'Speculation' about Cook County 'pop tax' proves accurate

By The Madison County Record | Aug 15, 2017

“As to the concerns that improper collection of the tax will open the Merchants up to litigation, any such notion is merely speculation at this point and does not render the Ordinance unconstitutionally vague.”


“As to the concerns that improper collection of the tax will open the Merchants up to litigation, any such notion is merely speculation at this point and does not render the Ordinance unconstitutionally vague.”

That's what Cook County Circuit Judge Daniel Kubasiak said when he lifted the temporary restraining order delaying the implementation of Cook County's new tax on sweetened beverages.

Mere speculation? In Illinois, the land of litigation? You could have made a bet on how soon the first lawsuit would be filed against a retailer alleged to have applied the tax to an unsweetened beverage.

Two days! That's all the time it took for the first suit to be filed. 
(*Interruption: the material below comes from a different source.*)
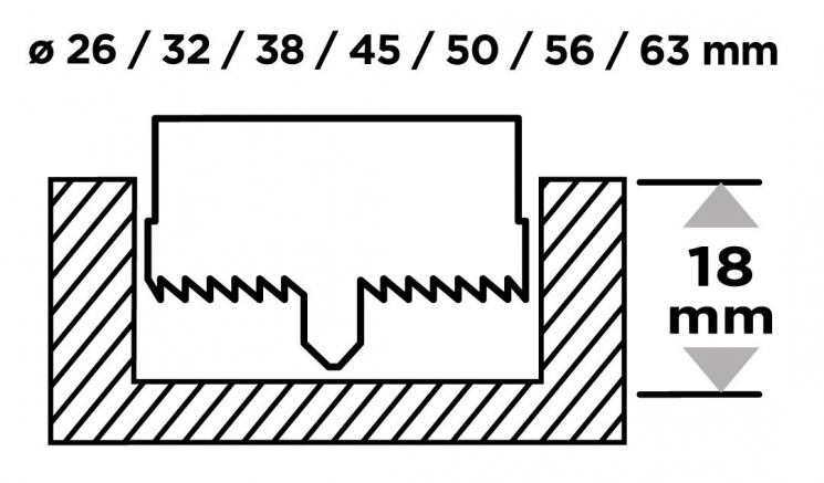 Набір коронок GRAPHITE створений для ефективного вирізання отворів у деревині, фанері, ДСП та МДФ. Загартовані зубці забезпечують чистий різ і зменшують зношування під час інтенсивних монтажних або столярних робіт. Робоча висота коронок 25 мм дозволяє виконувати отвори в масивних заготовках і товстих плитних матеріалах, де стандартної глибини різу недостатньо. Діапазон діаметрів 26–63 мм охоплює найпоширеніші розміри для встановлення фурнітури, прокладання кабелів і створення технологічних отворів.

On Aug. 4, just two days after the tax took effect, a self-appointed guardian of the public interest named Vincent de Leon filed suit in Cook County Circuit Court against Deerfield-based Walgreens, seeking restitution of taxes collected from him or any other customer on beverages not covered by the county ordinance. 

Speaking of speculation, one might safely speculate that de Leon and his attorney, Elizabeth Fegan of Chicago's Hagens Berman Sobol Shapiro, were planning to file their suit even as the judge was dismissing such an idea as speculative.

Speculation, in fact, is exactly what de Leon and Fegan are engaging in as they try to make some fast bucks at the expense of Walgreens and its customers.

Speculation is also what Cook County officials were engaging in when they first sued and then dropped the lawsuit against the supermarkets and the retail association that sought the restraining order, trying to hold the merchants liable for $17 million in revenue the County estimates that it lost during the single month delay of the tax that so quickly spawned a merely speculative lawsuit.

If Cook County keeps imposing unreasonable burdens on businesses and enticing attorneys to file suits against them, eventually those businesses will close or move elsewhere, and that's not a matter of speculation.